OpenNMS can use several methods to correlate alarms: deduplication, rules, and machine
learning through its Architecture for Learning Enabled Correlation (ALEC).
How it works
With built-in event deduplication, OpenNMS recognizes when the same message is repeating
(for example, an alarm from the same unplugged device every five minutes) and combines
them into one. You can also create rules for alarms – “if Alarm A happens, followed by Alarm
B, then create new alarm to indicate this scenario.”
ALEC is an artificial intelligence for IT operations (AIOps) framework that logically groups
related faults (alarms) into higher level objects (situations) with OpenNMS. ALEC enables
users to quickly detect, visualize, prioritize, and resolve situations across the entire IT
infrastructure.
ALEC uses two machine learning algorithms, including unsupervised (alarm clustering) and
supervised (deep learning), built using TensorFlow, an open-source software library for
machine learning. ALEC uses nodes, their components, and their relationships to convert
OpenNMS inventory into a graph.
After enriching alarms to help identify which component in the model they relate to, ALEC
attaches the alarms to the graph when they are triggered.

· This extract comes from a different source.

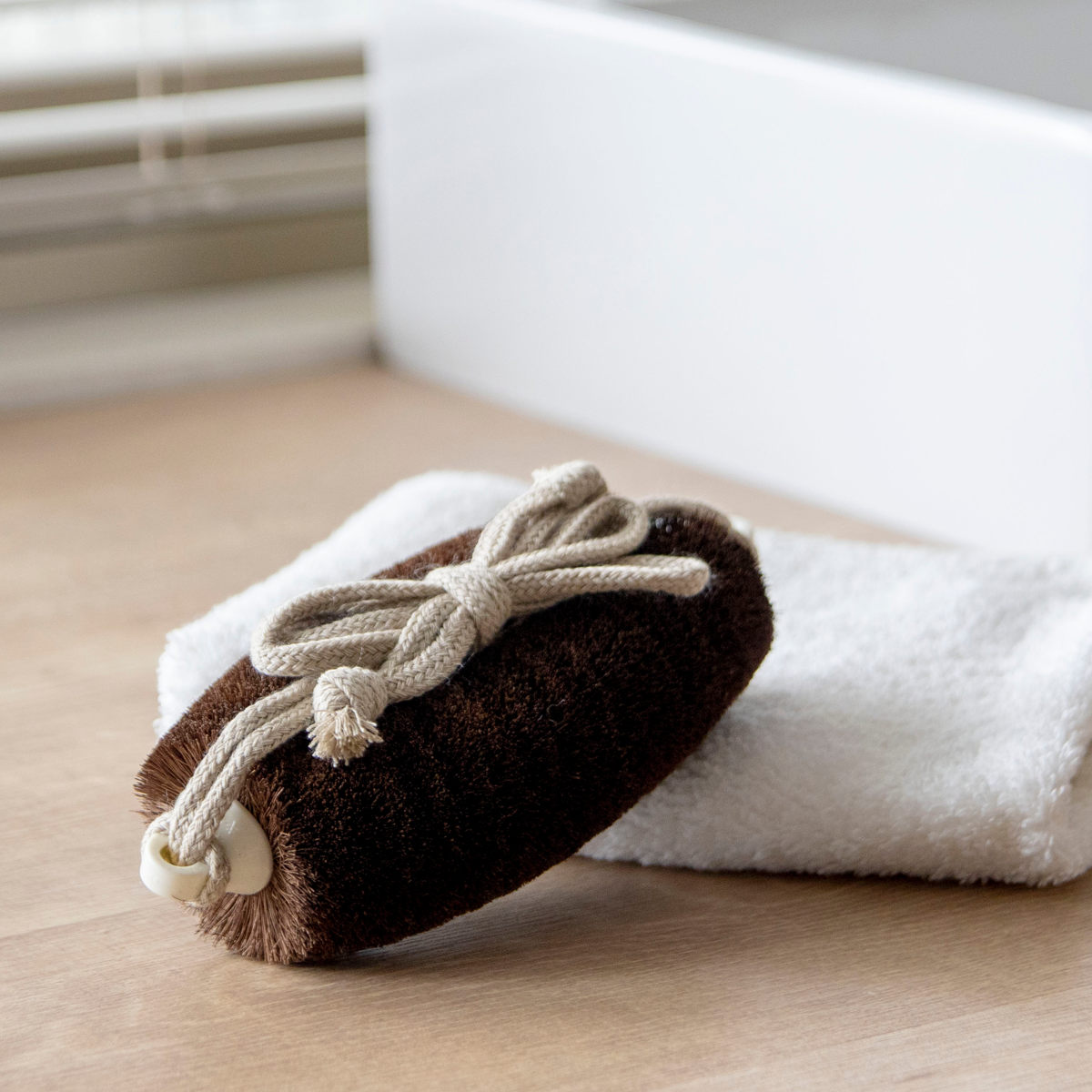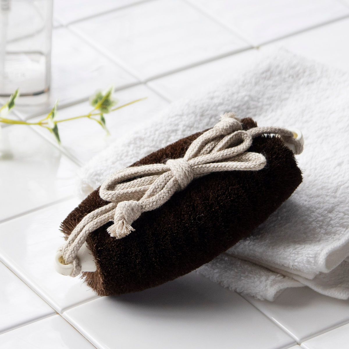 泡立てたボディソープや石鹸をたわしに付けて身体をこすって洗います。たわしの繊維がもたらす適度な刺激がボディケア効果を高めます。

It then groups the alarms into
clusters based on their level or similarity and whether they share the same root cause.
Once ALEC determines that a group of alarms is related, it sends an event to OpenNMS. The
event will display one “situation” that contains all the alarms ALEC has clustered into it. For
example, instead of seeing four alarms, users see one situation. It is still possible to view the
other four alarms as a subset of the situation if necessary.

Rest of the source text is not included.